Zarathustra could no longer restrain himself; he took
his staff and struck the wailer with all his might. "Stop this," cried
he to him with wrathful laughter, "stop this, thou stage-player! Thou
false coiner! Thou liar from the very heart! I know thee well!
I will soon make warm legs to thee, thou evil magician: I know well
how--to make it hot for such as thou!"
--"Leave off," said the old man, and sprang up from the ground, "strike
me no more, O Zarathustra! I did it only for amusement!

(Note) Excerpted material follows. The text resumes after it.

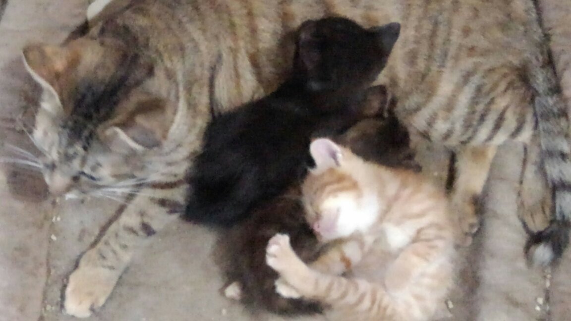 母猫のトラコと、3匹の子猫です。わかりにくいですが、茶トラの下になっているのが黒ブチで、その隣が黒です。撮り方が下手くそでごめんなさい。
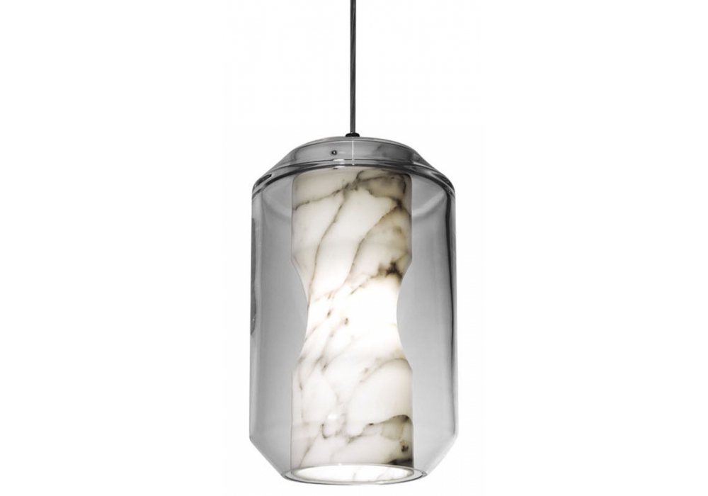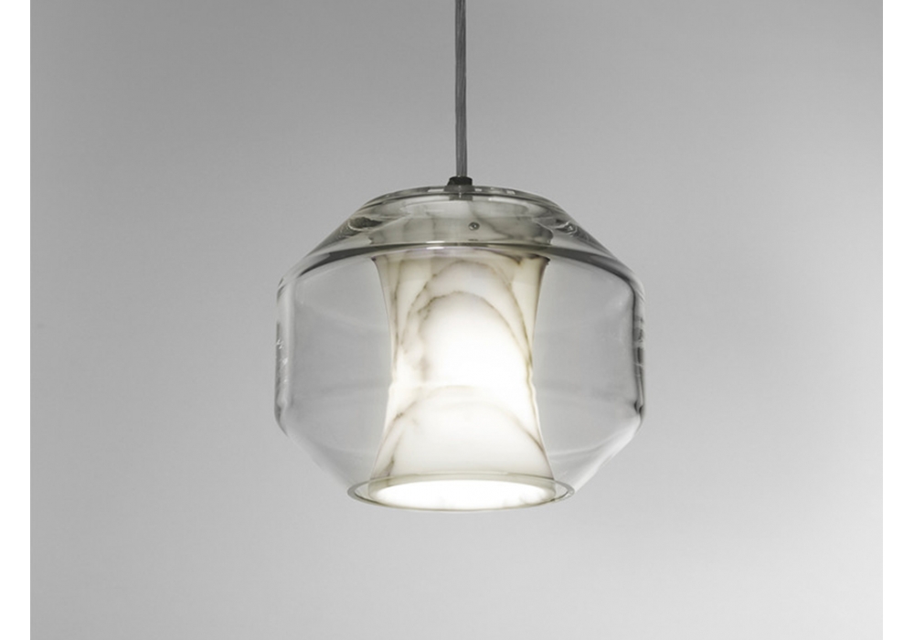 Chamber firmata da Lee Broom è una lampada a sospensione con un diffusore in marmo scultoreo di Carrara all'interno di un vaso di cristallo al piombo. Esprime le inaspettate qualità traslucide del marmo in una imponente lampada decorativa. Con la sua luminosità dolce e il downlight direzionale, Chamber è disponibile in due dimensioni e si presta ad essere appesa in cluster e singolarmente. Cavo di 300 cm. Rosone in metallo satinato bianco rotondo di 12 cm.

That kind of thing belongeth to mine art. Thee thyself, I wanted to put
to the proof when I gave this performance. And verily, thou hast well
detected me!
But thou thyself--hast given me no small proof of thyself: thou art
HARD, thou wise Zarathustra! Hard strikest thou with thy 'truths,' thy
cudgel forceth from me--THIS truth!"
--"Flatter not," answered Zarathustra, still excited and frowning,
"thou stage-player from the heart! Thou art false: why speakest thou--of
truth!
Thou peacock of peacocks, thou sea of vanity; WHAT didst thou represent
before me, thou evil magician; WHOM was I meant to believe in when thou
wailedst in such wise?"
"THE PENITENT IN SPIRIT," said the old man, "it was him--I represented;
thou thyself once devisedst this expression--
--The poet and magician who at last turneth his spirit against himself,
the transformed one who freezeth to death by his bad science and
conscience.
And just acknowledge it: it was long, O Zarathustra, before thou
discoveredst my trick and lie! Thou BELIEVEDST in my distress when thou
heldest my head with both thy hands,--
--I heard thee lament 'we have loved him too little, loved him too
little!' Because I so far deceived thee, my wickedness rejoiced in me."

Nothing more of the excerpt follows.